Break in time– There wasn’t much break in time at all. The Lunarlon feels great from the start, it will mold to your foot better after a couple times playing in them, but it feels great right from the start.
Materials used– On the upper, engineered mesh is used. This is very innovative to use this type of material on a basketball shoe. I thought the downside would be the support, but what is not seen is the fuse underlays underneath the engineered mesh, which provides great support that I will talk about later.
Technology used– The massive Lunarlon insole is where all of the cushioning comes from. Without this insole, the shoe is practically nothing. You can also add Nike Zoom on the heel and forefoot, but the Lunarlon alone will get the job done perfectly so there is no need to the zoom.
Traction– I had zero problems with the traction. Herringbone is what is used on most of the shoe. There is also story telling traction the edge of the bottom coming across the center of the heel area. On the iD pair that I ordered I used the translucent bottom. There was not problems at all with it. If you want to play outdoors in these, pick the XDR outsole. If you go translucent or solid bottom, they will wear down very easily. My teammate’s Kobe 8s have an XDR outsole, and there is zero signs of wear after playing in them indoors and outdoors since the summertime.
Cushioning– Like I said before, the Lunarlon is unbelievable. It is one of the most smooth and comfortable rides I have ever experienced, especially with a guard shoe. It is as light as a feather, so if you’re all about light shoes, this is the shoe for you.
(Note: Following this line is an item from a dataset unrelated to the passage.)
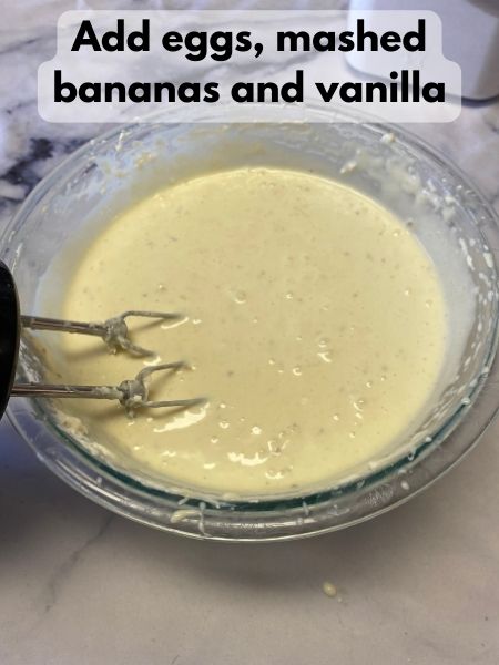 In a mixing bowl, beat the softened cream cheese until creamy. Gradually add sugar and continue mixing until smooth. Incorporate mashed bananas, eggs, and vanilla extract, blending until the batter is velvety and delicious.
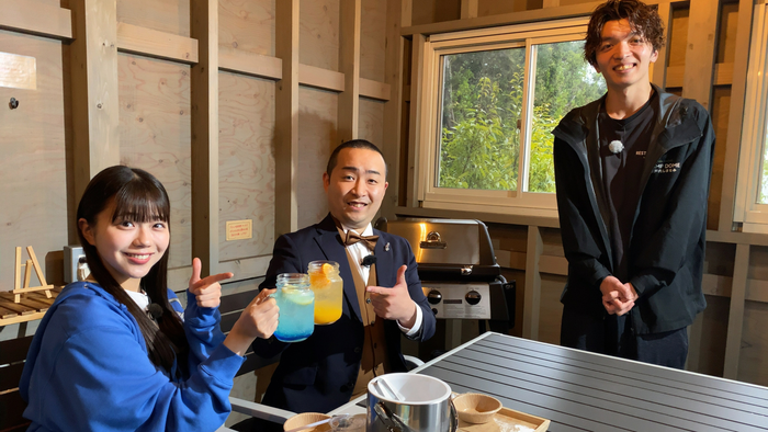 山口さん&りこち(工藤理子)ペアは、グランピング施設内でぬくぬくネタ探し

A Phylon midsole carrier is what is seen from the outside. It felt very good with heel compression.
Ventilation– I loved the breathability on this model. Perforations are seen all on the tongue for heat to escape. Since the engineered mesh had fuse underlays where it needed to be, there was only some air flow on the medial side for the most part.
Lacing system– Fuse underlays with 2 flex points. The padded tongue was a great feature also. It wasn’t as great as dynamic fit, but it got the job done good.
Fit and Lockdown- These fit true to size. The Lunar will mold into your foot evenly. The TPU heel cup is what is seen on most Kobes. There was no heel slippage at all with that nicely padded inside around the ankle.
Support– The support on these is solid, especially for a low top sneaker. I thought the engineered mesh was going to provide zero support at all, but once I saw the underlays where they were supposed to be, it worked out good. The arch support comes from the Lunarlon. Carbon fiber which is seen on the bottom works as a good shank for support.
Best position to wear the Kobe 8- All guards, and lighter footed small forwards. If you are a bigger, heavy footed guy then you shouldn’t be using these. The Lunarlon does wear down, but evenly because of how it is all in one big piece. They call it Kobe 8 SYSTEM because once it wears down to a certain point, you can just replace the Lunarlon, and keep playing in them.
Durability– The only problem with this engineered mesh is the durability on flex points. On the medial side of the shoe, depending how long and how hard you play in these, a hole could very likely form there. My teammate’s has a hole that goes all the way down to the sock.
Overall– I would give these a B on my test. If you are a quick guard or a guard that needs a light shoe that isn’t too unsupportive and will give you mostly everything you need, then this shoe is for you!